*Task prompt*. Look in the listing below for the line that has "The GMM 1-15", then return it and each following line up to and including the one with "武器可以带罪武洗蛮牛、天道之", exactly and without pictures.

*Material for this task*.
----------

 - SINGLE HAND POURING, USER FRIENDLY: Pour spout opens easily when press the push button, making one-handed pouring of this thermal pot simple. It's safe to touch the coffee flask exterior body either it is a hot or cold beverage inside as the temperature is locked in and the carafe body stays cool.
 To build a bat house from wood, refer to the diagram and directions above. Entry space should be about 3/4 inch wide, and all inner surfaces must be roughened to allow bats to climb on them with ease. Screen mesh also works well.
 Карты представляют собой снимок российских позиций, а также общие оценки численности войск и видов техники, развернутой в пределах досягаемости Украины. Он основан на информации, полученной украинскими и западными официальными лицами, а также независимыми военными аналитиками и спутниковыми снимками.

----------

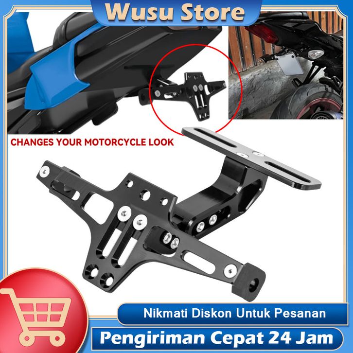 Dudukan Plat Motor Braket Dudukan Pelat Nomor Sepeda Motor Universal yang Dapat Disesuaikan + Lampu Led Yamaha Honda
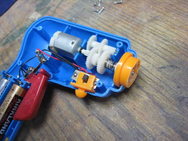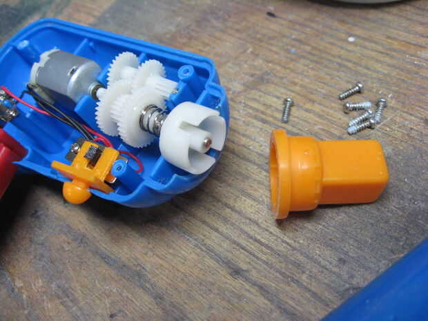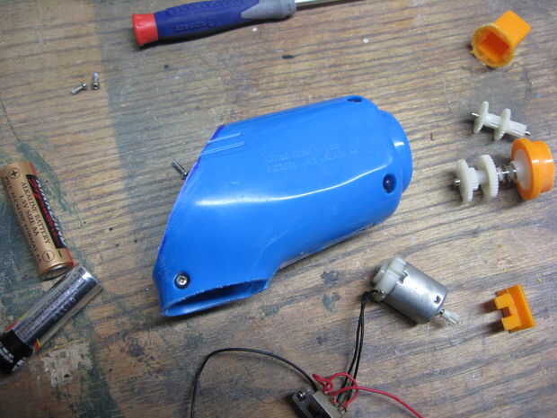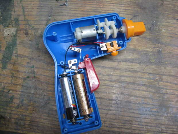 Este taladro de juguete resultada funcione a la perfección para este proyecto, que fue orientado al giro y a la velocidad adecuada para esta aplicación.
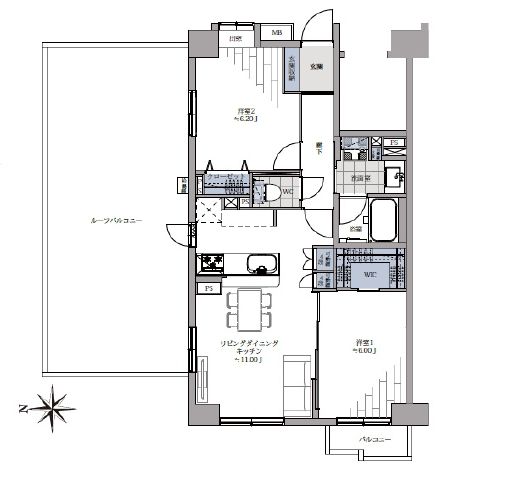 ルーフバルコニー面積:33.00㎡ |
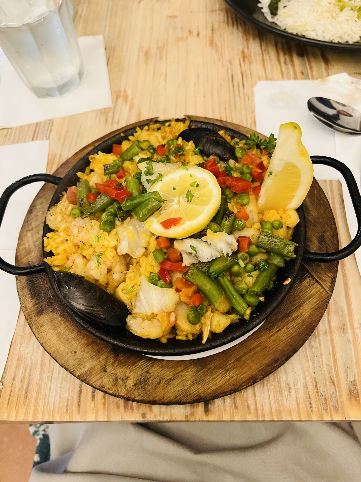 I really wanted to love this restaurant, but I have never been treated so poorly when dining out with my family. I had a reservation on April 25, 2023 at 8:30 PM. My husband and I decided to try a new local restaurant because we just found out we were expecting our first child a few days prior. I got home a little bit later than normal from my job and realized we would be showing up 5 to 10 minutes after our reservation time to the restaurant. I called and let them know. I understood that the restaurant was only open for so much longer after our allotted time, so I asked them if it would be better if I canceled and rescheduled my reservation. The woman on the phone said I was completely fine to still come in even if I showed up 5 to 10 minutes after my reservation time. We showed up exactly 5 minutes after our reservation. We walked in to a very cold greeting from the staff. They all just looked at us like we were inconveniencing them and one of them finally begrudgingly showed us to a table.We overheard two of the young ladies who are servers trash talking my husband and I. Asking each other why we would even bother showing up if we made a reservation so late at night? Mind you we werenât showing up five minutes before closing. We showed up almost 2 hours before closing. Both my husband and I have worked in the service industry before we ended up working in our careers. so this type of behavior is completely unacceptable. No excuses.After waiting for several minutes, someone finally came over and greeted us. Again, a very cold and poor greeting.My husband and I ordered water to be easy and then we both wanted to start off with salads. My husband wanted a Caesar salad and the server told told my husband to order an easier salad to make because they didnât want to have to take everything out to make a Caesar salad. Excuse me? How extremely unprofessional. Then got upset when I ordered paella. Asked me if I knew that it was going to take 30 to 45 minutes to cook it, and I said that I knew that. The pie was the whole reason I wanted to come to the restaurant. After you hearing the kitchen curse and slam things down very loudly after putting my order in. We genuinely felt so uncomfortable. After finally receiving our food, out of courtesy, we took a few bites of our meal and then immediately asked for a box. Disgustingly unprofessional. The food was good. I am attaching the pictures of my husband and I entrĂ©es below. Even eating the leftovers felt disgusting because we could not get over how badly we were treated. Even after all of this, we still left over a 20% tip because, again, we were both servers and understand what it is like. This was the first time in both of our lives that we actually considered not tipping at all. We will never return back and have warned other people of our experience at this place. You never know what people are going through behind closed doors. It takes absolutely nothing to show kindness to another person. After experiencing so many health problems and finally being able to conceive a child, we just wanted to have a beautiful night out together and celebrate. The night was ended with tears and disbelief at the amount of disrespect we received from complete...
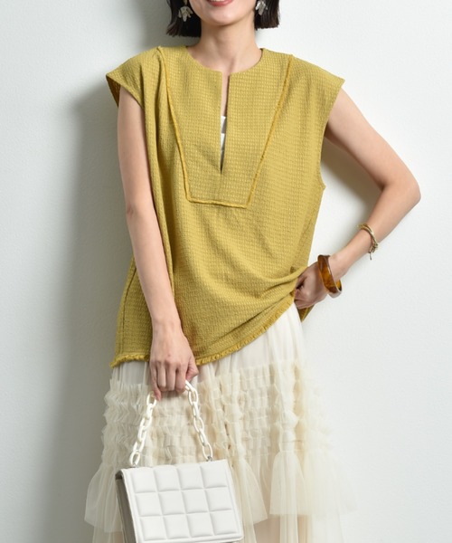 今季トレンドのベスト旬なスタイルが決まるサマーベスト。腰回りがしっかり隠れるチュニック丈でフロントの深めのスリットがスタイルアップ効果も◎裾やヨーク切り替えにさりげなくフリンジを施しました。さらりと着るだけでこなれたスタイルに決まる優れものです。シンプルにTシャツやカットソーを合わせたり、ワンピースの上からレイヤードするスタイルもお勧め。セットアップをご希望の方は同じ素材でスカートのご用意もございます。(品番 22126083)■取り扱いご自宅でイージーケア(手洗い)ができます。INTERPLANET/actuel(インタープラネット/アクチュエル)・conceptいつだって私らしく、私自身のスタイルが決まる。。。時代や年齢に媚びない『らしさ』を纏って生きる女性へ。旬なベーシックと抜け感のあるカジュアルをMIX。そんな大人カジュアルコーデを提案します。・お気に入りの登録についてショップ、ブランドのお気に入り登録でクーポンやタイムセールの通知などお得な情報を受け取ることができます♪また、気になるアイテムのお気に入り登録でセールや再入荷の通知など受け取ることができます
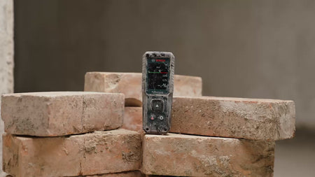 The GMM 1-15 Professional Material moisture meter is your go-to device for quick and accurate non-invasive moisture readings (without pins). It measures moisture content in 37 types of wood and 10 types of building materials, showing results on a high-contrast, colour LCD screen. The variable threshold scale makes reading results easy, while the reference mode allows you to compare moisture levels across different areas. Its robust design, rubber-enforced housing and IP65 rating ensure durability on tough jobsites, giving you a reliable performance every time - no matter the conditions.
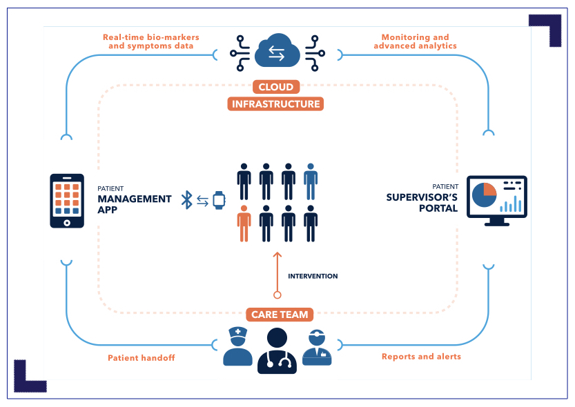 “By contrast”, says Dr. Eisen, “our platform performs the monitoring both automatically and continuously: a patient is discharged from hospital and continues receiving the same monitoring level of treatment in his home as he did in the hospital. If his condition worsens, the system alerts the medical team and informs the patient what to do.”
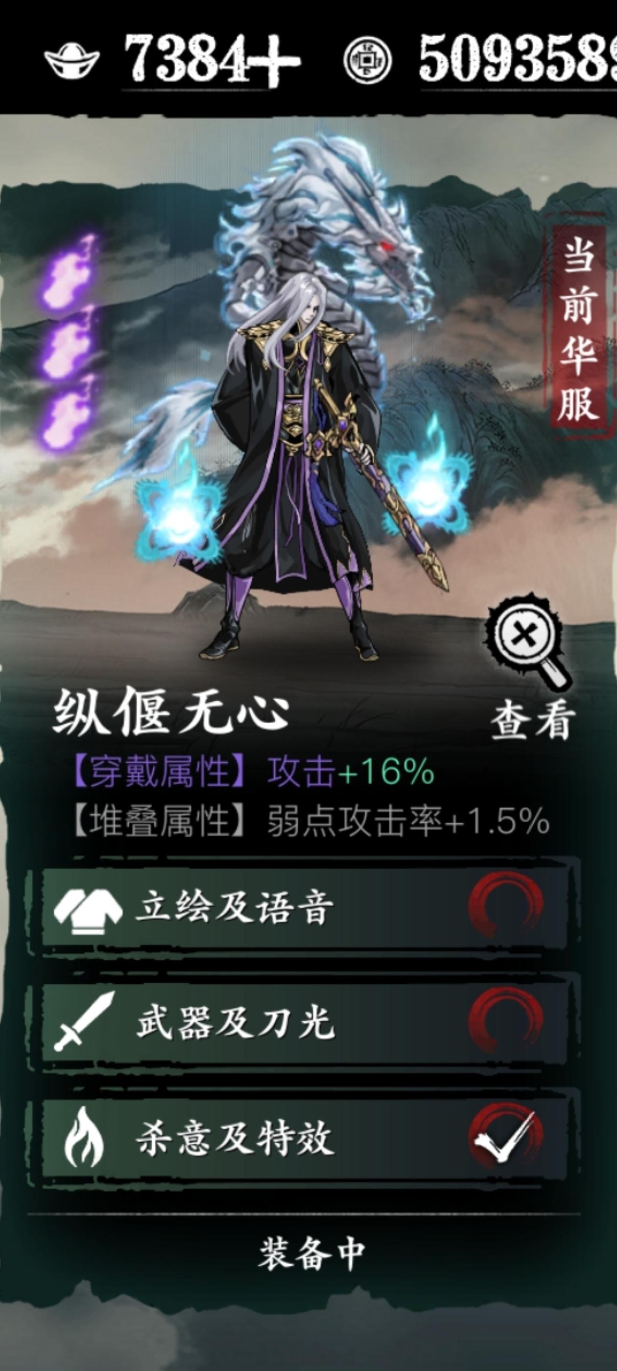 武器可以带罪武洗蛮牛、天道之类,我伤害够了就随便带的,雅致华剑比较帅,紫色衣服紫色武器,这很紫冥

----------

*Final answer*.
 The GMM 1-15 Professional Material moisture meter is your go-to device for quick and accurate non-invasive moisture readings (without pins). It measures moisture content in 37 types of wood and 10 types of building materials, showing results on a high-contrast, colour LCD screen. The variable threshold scale makes reading results easy, while the reference mode allows you to compare moisture levels across different areas. Its robust design, rubber-enforced housing and IP65 rating ensure durability on tough jobsites, giving you a reliable performance every time - no matter the conditions.
 “By contrast”, says Dr. Eisen, “our platform performs the monitoring both automatically and continuously: a patient is discharged from hospital and continues receiving the same monitoring level of treatment in his home as he did in the hospital. If his condition worsens, the system alerts the medical team and informs the patient what to do.”
 武器可以带罪武洗蛮牛、天道之类,我伤害够了就随便带的,雅致华剑比较帅,紫色衣服紫色武器,这很紫冥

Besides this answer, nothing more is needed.